Éxodo 14 y Josué 3.

Con todo lo glorioso y espectacular que fue sin duda la travesía del Mar Rojo, resulta muy interesante compararla con el paso del Jordán. Dos milagros portentosos, pero diferentes entre sí. Las circunstancias y, sobre todo, las personas que participaron de ellos, eran distintas.

Dios intervino magistralmente en uno y otro caso; nada podía oponerse al propósito de llevar a su pueblo a la Buena Tierra. En efecto, si observamos el comportamiento del pueblo en ambas experiencias, la diferencia es notable. Frente al Mar Rojo, el pueblo se confunde, reclama y maldice con gran desesperación. Cuando el mar se abre, avanzan en una especie de «¡sálvese quien pueda!». Es fácil imaginar un caos descomunal en aquella terrible noche.

Al amanecer del siguiente día, creyeron, temieron, y celebraron con panderos y danzas. Sus emociones estaban alteradas al máximo, ¡pasaron de la desesperación al júbilo en menos de 24 horas! Sin embargo, bien pronto el desierto dejaría al descubierto toda su miseria espiritual. Eran niños espirituales y esa niñez quedaría de manifiesto casi en seguida.

Frente al Jordán, cuarenta años después, la situación fue muy diferente. Es otra la generación que enfrenta este hecho. La anterior había caído postrada en el desierto a causa de sus rebeliones. Este era un nuevo capítulo en la historia de Israel. Un capítulo notable.

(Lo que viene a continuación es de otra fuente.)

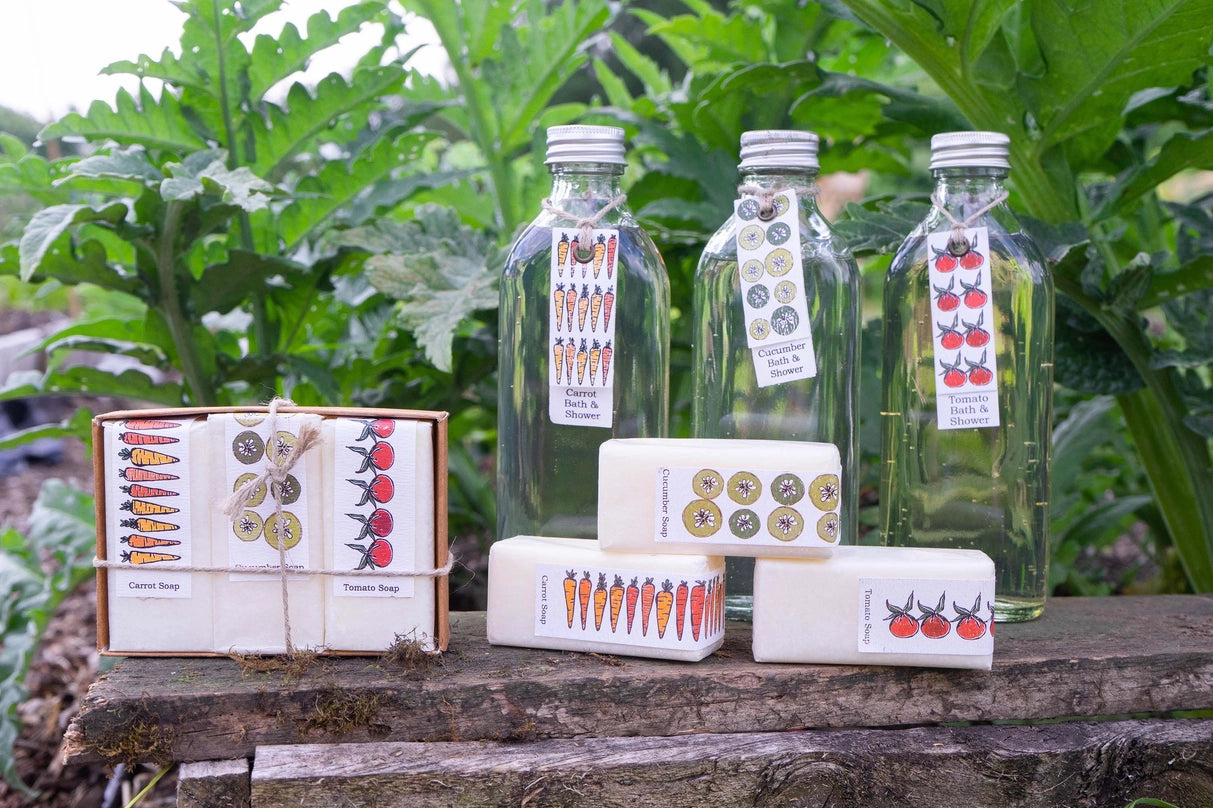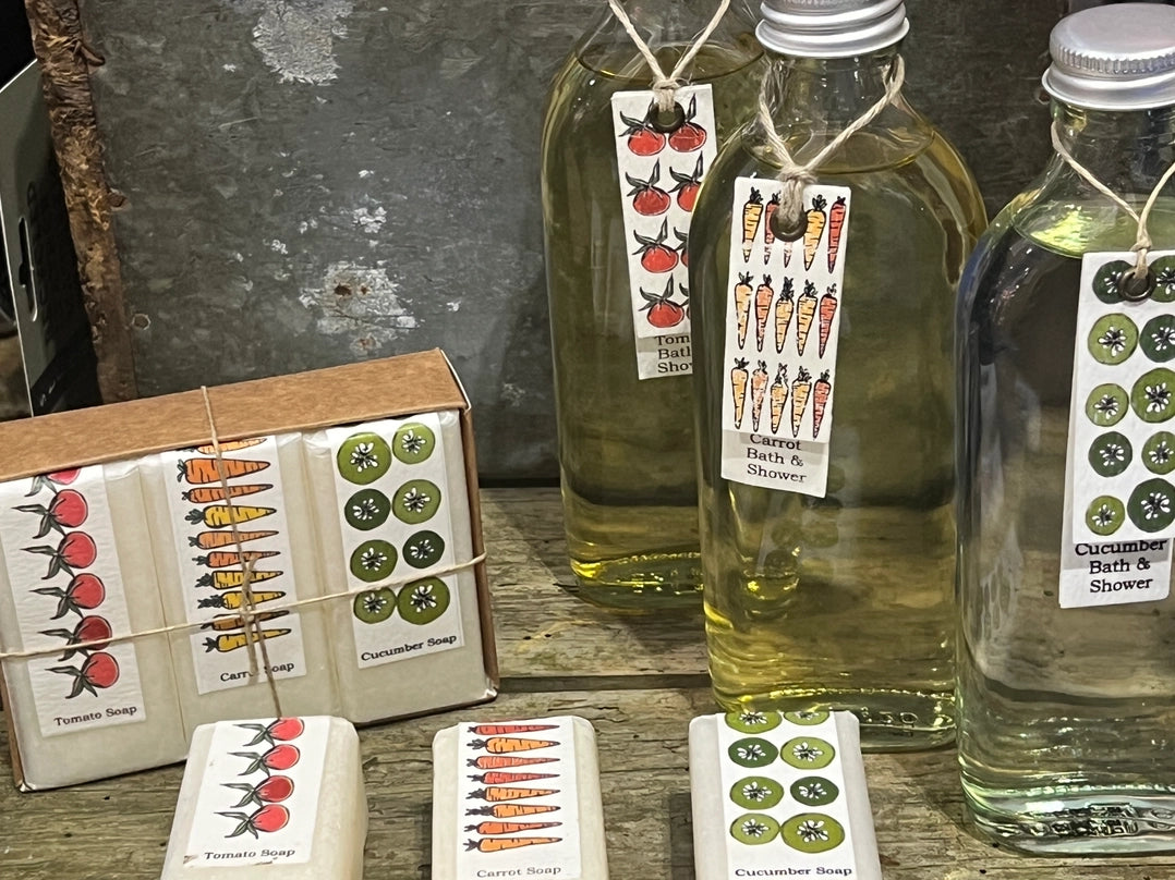 Wrapped 80g soaps assorted. These are triple milled, made without colour and fragrances. Tomato leaf, carrot and cucumber. Packaged in waxed paper with beautiful hand illustrated label. (4 of each fragrance).
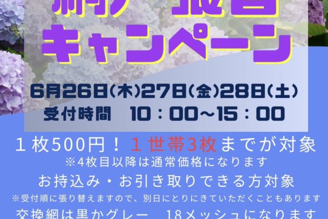 ⋆◡̈⋆⋆◡̈⋆網戸張替キャンペーン⋆◡̈⋆⋆◡̈⋆ お得なキャンペーンやっちゃいますよ✨

Esta vez, la nueva generación de israelitas, acampa con reposo por tres días antes de cruzar el río. No hay voz alguna de reclamo ni de temor, solo se oyen las instrucciones de los oficiales que recorren el campamento: «Cuando veáis el arca del pacto de Jehová vuestro Dios, y los levitas sacerdotes que la llevan, vosotros saldréis de vuestro lugar y marcharéis en pos de ella» (Josué 3:3). Unos cuarenta mil hombres armados, listos para la guerra, pasan delante de Jehová (4:13). ¡El Jordán se abre para ellos!

Luego que pasan, no hay danzas ni celebración. Hay reverencia y solemnidad en un pueblo que tras los tratos del desierto ha aprendido a «marchar», esto es, avanzar en orden (como un cuerpo) «tras el arca de su Dios», no como la locura de sus padres ya fallecidos.

Por delante les esperan grandes batallas. No hay ánimo para celebrar, lo que sí hay es reverencia ante un Dios que cumple sus promesas. Hay disciplina, orden y obediencia. Al fin, el Señor obtenía un pueblo que agradaba su corazón; a ellos les daría Su tierra.

¿Hemos sacado provecho de los tratos de «nuestros desiertos»? ¿Tenemos una confianza serena en la fidelidad y las promesas de Dios? ¿O aún reclamamos y miramos hacia atrás, a los goces temporales que Egipto nos ofrece con tanta profusión? ¡Dios espera ver madurez en su pueblo!